[TASK DIRECTIONS]
After finding the line containing "Зажим для троса" below, please output that line and each following one through the line containing "Ersätta för Makita", exactly as written.

[THE DATA]
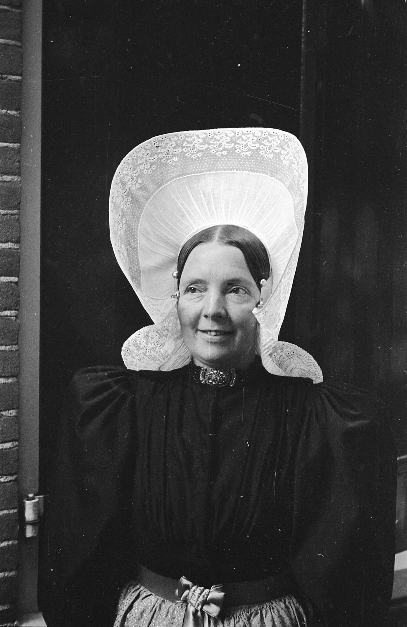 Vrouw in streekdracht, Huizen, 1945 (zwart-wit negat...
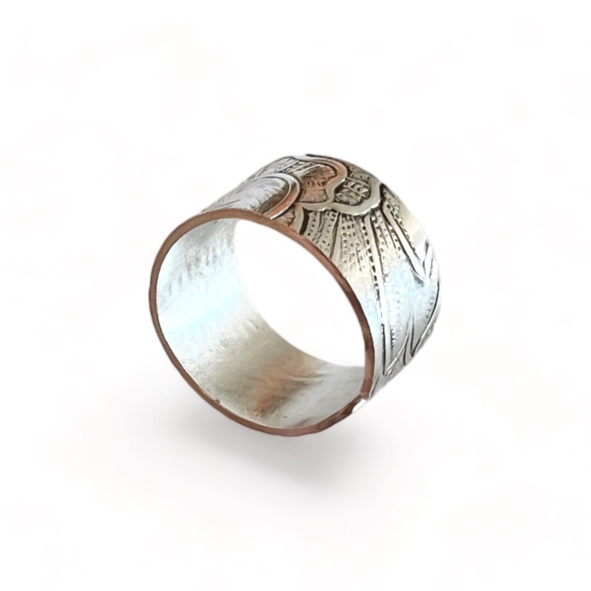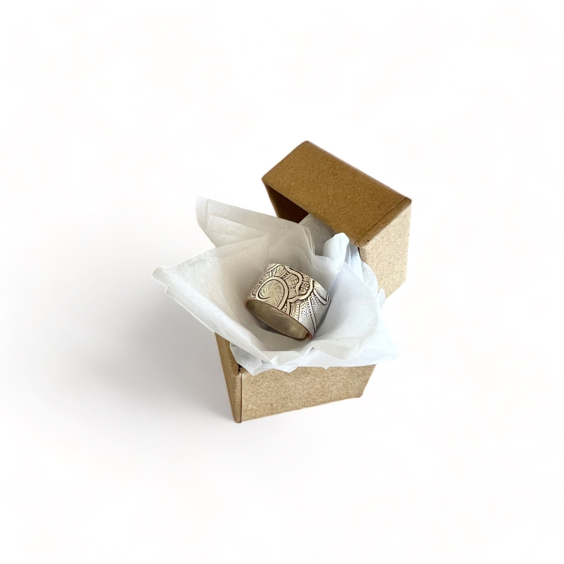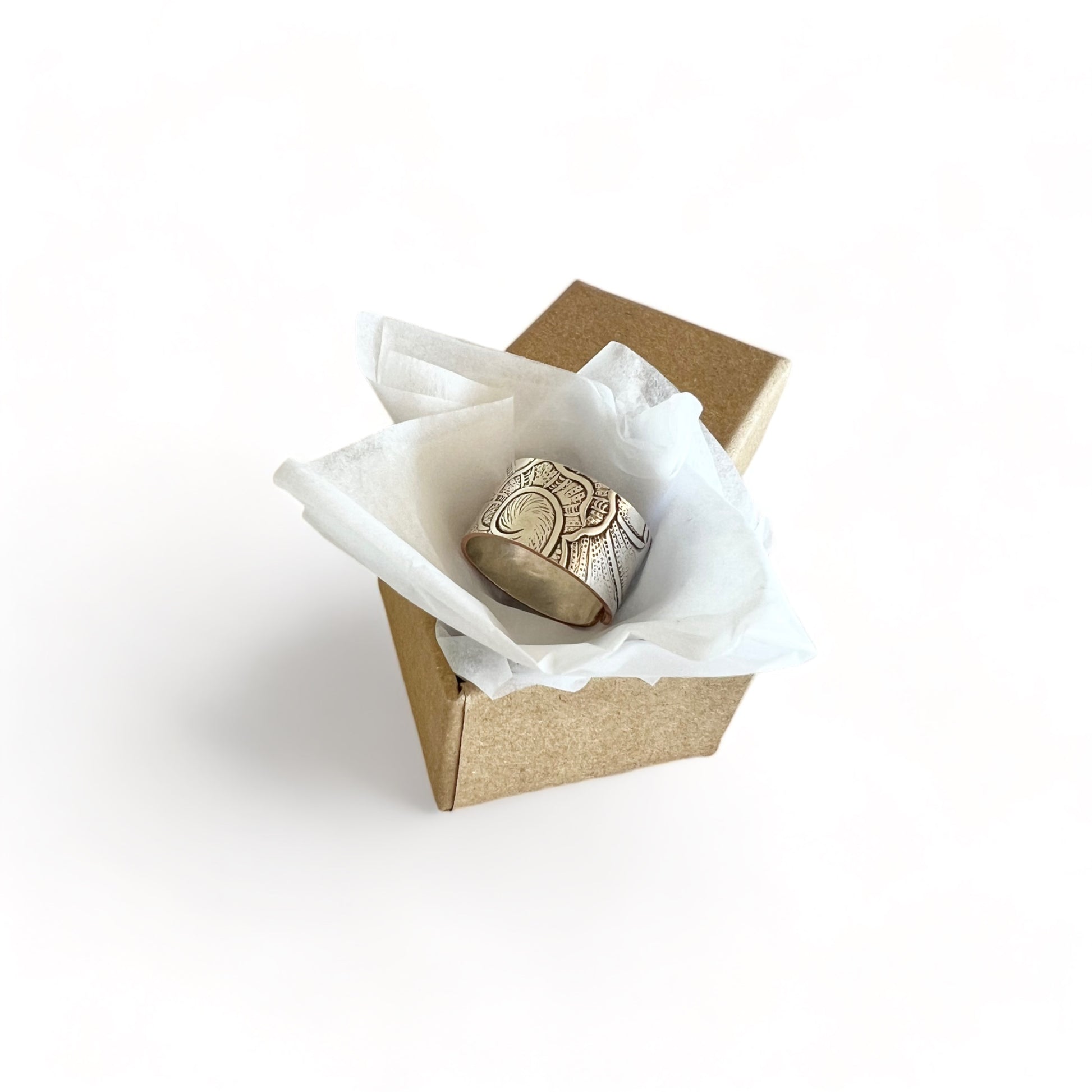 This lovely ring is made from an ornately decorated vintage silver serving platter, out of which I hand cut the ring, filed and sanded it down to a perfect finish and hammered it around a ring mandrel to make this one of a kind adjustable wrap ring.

--

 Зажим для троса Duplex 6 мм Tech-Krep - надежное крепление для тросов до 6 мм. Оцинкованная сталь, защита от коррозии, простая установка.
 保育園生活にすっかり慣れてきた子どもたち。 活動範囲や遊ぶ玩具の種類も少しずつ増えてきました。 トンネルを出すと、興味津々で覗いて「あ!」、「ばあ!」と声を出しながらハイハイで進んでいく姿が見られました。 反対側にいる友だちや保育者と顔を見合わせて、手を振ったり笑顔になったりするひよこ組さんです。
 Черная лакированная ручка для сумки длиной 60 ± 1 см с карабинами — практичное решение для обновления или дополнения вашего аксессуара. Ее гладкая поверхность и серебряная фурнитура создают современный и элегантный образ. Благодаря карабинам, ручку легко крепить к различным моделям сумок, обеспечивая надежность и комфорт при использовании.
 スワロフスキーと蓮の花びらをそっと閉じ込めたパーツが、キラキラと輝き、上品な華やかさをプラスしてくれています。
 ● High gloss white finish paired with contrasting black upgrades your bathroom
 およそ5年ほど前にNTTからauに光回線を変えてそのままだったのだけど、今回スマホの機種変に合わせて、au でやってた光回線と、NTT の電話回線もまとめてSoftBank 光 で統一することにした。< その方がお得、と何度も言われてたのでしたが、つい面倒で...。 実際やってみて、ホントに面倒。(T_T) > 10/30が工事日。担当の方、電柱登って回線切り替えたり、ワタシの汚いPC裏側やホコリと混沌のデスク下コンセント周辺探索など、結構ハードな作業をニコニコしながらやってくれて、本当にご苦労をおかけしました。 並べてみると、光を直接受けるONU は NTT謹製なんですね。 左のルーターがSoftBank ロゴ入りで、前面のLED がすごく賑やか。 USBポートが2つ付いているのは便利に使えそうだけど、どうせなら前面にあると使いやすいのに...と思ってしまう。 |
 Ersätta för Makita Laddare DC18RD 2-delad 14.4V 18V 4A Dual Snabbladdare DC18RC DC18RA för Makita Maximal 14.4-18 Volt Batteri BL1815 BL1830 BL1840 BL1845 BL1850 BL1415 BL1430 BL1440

[WRITTEN SOLUTION]
 Зажим для троса Duplex 6 мм Tech-Krep - надежное крепление для тросов до 6 мм. Оцинкованная сталь, защита от коррозии, простая установка.
 保育園生活にすっかり慣れてきた子どもたち。 活動範囲や遊ぶ玩具の種類も少しずつ増えてきました。 トンネルを出すと、興味津々で覗いて「あ!」、「ばあ!」と声を出しながらハイハイで進んでいく姿が見られました。 反対側にいる友だちや保育者と顔を見合わせて、手を振ったり笑顔になったりするひよこ組さんです。
 Черная лакированная ручка для сумки длиной 60 ± 1 см с карабинами — практичное решение для обновления или дополнения вашего аксессуара. Ее гладкая поверхность и серебряная фурнитура создают современный и элегантный образ. Благодаря карабинам, ручку легко крепить к различным моделям сумок, обеспечивая надежность и комфорт при использовании.
 スワロフスキーと蓮の花びらをそっと閉じ込めたパーツが、キラキラと輝き、上品な華やかさをプラスしてくれています。
 ● High gloss white finish paired with contrasting black upgrades your bathroom
 およそ5年ほど前にNTTからauに光回線を変えてそのままだったのだけど、今回スマホの機種変に合わせて、au でやってた光回線と、NTT の電話回線もまとめてSoftBank 光 で統一することにした。< その方がお得、と何度も言われてたのでしたが、つい面倒で...。 実際やってみて、ホントに面倒。(T_T) > 10/30が工事日。担当の方、電柱登って回線切り替えたり、ワタシの汚いPC裏側やホコリと混沌のデスク下コンセント周辺探索など、結構ハードな作業をニコニコしながらやってくれて、本当にご苦労をおかけしました。 並べてみると、光を直接受けるONU は NTT謹製なんですね。 左のルーターがSoftBank ロゴ入りで、前面のLED がすごく賑やか。 USBポートが2つ付いているのは便利に使えそうだけど、どうせなら前面にあると使いやすいのに...と思ってしまう。 |
 Ersätta för Makita Laddare DC18RD 2-delad 14.4V 18V 4A Dual Snabbladdare DC18RC DC18RA för Makita Maximal 14.4-18 Volt Batteri BL1815 BL1830 BL1840 BL1845 BL1850 BL1415 BL1430 BL1440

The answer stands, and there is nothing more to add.